Why does my product scrape return null for some fields?

Usually the field is not on the page you fetched, or your prompt named something the page does not show, like an MSRP when only a sale price is listed. Check the rendered page and loosen the field description. A genuinely blocked page is a different problem; the engine escalates fetch tiers automatically for that.

How much does it cost to scrape one product page?

A successful SmartScraper call costs 5 credits, billed on success only, so a failed fetch costs nothing. If a hostile page forces the stealth browser tier, that adds 5 credits on top. Proxies, browser rendering, and extraction all come out of the same credit balance, with no separate proxy bill.

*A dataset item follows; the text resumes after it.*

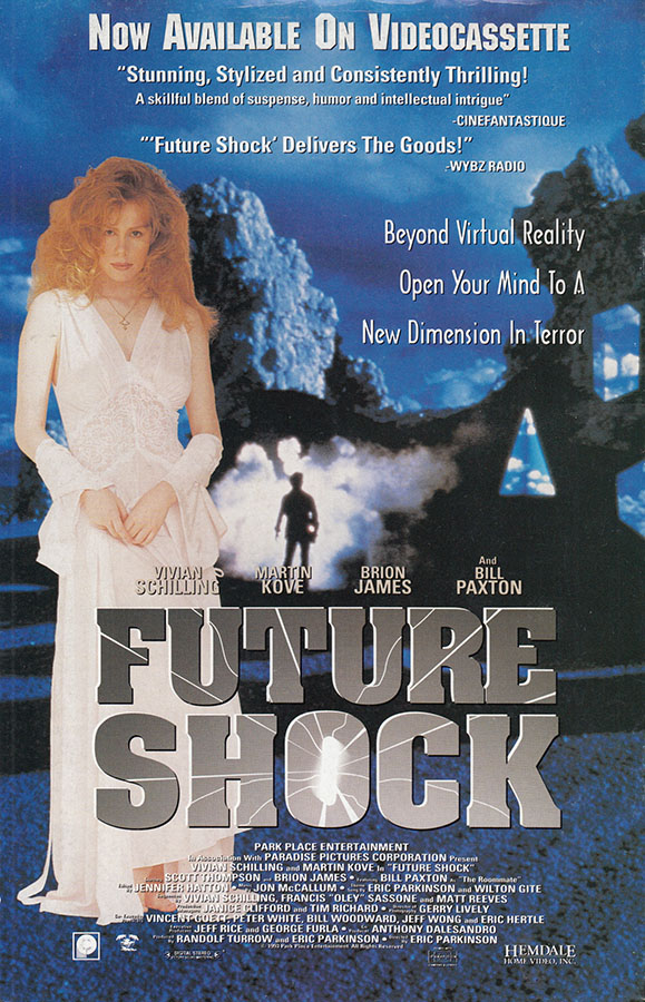 Before (or maybe after, there's no date) it was a comic book, Future Shock was a 1994 film that kinda came and went without making an impact, in spite of what Cinefantastique and WYBZ Radio would have us believe. But let's look a little closer at some of the names involved. Bill "Titanic" Paxton? Brion "Blade Runner" James? And Vivian "Soultaker" Schilling, right there on the poster, making us think we're watching Mystery Science Theater 3000 experiment #1001? Unlike "Soultaker", Schilling only wrote a third of this movie, so it isn't quite the self-insert fan fiction it could have been. But who's that with a segment direction credit? Matt Reeves, the guy with a Batman movie coming out next year, that's who. I guess everybody's got to start somewhere.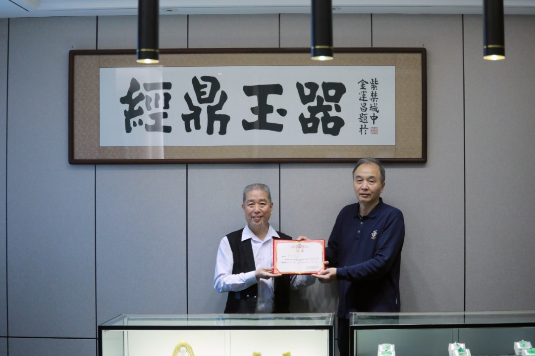 朱晓红院长为聚璟轩玉雕设计工作室颁发校外实践教学基地牌匾

Can I scrape product pages that load the price with JavaScript?

Yes. The fetch stack starts with a fast HTTP request and steps up to a headless browser when a page renders its content with JavaScript, then to a stealth browser for the hardest targets. You do not choose the tier; the engine escalates only as far as the page in front of it forces.

How do I scrape many product pages on a schedule?

Once an extraction works, save it as a Blueprint so repeat runs replay selectors with no AI step, which keeps them fast and cheap. On drift the run returns validation_warnings instead of a silent null. See why structured extraction beats CSS selectors for how the deterministic replay path works.